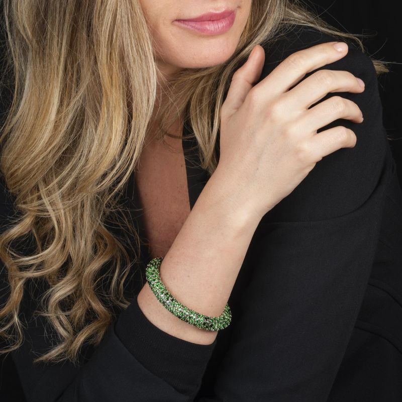 TSAVORITE TUBOLAR BRACELET IN 18KT WHITE GOLD
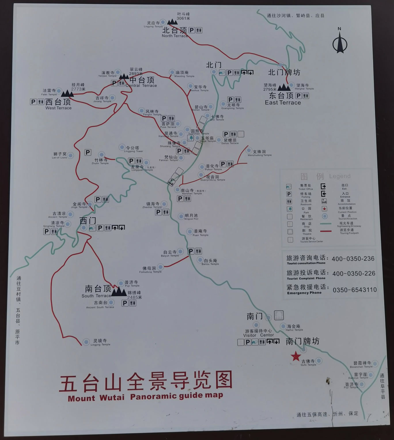 五臺(tái)山,方圓250公里,總面積2837平方公里。以臺(tái)懷鎮(zhèn)為中心,周?chē)倭⒅鴸|、西、南、北、中五個(gè)山峰,高出云表,山頂無(wú)林木,如壘土之臺(tái),稱(chēng)作五臺(tái)。最高點(diǎn)北臺(tái)葉斗峰海拔3058米,被稱(chēng)為“華北屋脊”。
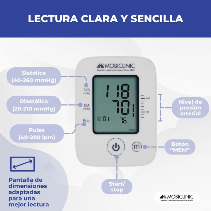 Son grand écran LCD affiche clairement et précisément les informations suivantes : pression systolique et diastolique, pouls, niveau de batterie, fonction de gonflage et de dégonflage, détection du brassard, erreur de mouvement et icône d'enregistrement des données. Outre sa fonction mémoire, il peut calculer la moyenne de trois mesures consécutives pour des données plus fiables.
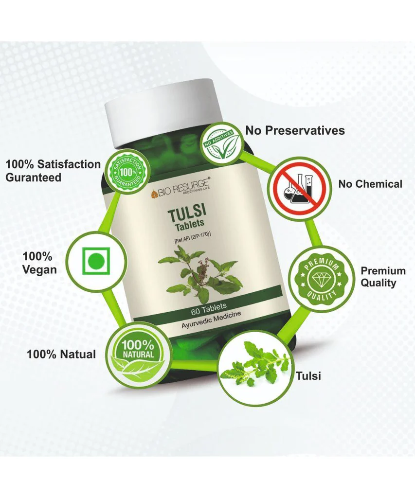 Bio Resurge Natural Tulsi Tablets | Boost your Immunity Tulsi is an aromatic shrub in the basil family that is believed to penetrate the deep tissues, dry tissue secretions, and normalize Vata and Kapha. Daily consumption of tulsi is said to prevent disease, promote general health, well-being and longevity, and assist in dealing with the stresses of daily life. Key Benefits Helpful in managing heart health Helps to regulate healthy Blood Sugar levels Helps to manage Anxeity Tulsi helps to balance Vata and Kapha Dosha Tulsi have anti-viral properties
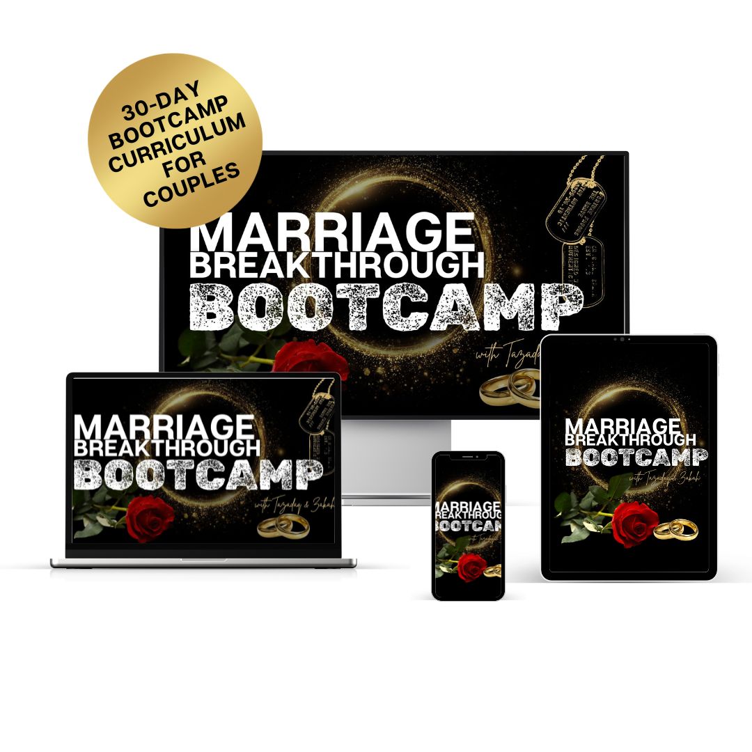 When the Bootcamp begins, you’ll receive access to the full Marriage Breakthrough 30-Day Bootcamp Curriculum, along with the Couple’s Marriage Bootcamp Workbook & Reflection Guide to support daily conversations and progress. You’ll also have a seat in our Bi-Weekly Couples Coaching & Accountability Group Calls, plus bonus access to The Ladies Room (wives-only), The King’s Lounge (husbands-only), and Couples Community Night for shared growth and support.

====

* [Prompt]: Only the line with "五臺(tái)山,方圓250" and those preceding it, back to the first line of the entries, should be repeated exactly, without pictures.

* [Answer box]:
 TSAVORITE TUBOLAR BRACELET IN 18KT WHITE GOLD
 五臺(tái)山,方圓250公里,總面積2837平方公里。以臺(tái)懷鎮(zhèn)為中心,周?chē)倭⒅鴸|、西、南、北、中五個(gè)山峰,高出云表,山頂無(wú)林木,如壘土之臺(tái),稱(chēng)作五臺(tái)。最高點(diǎn)北臺(tái)葉斗峰海拔3058米,被稱(chēng)為“華北屋脊”。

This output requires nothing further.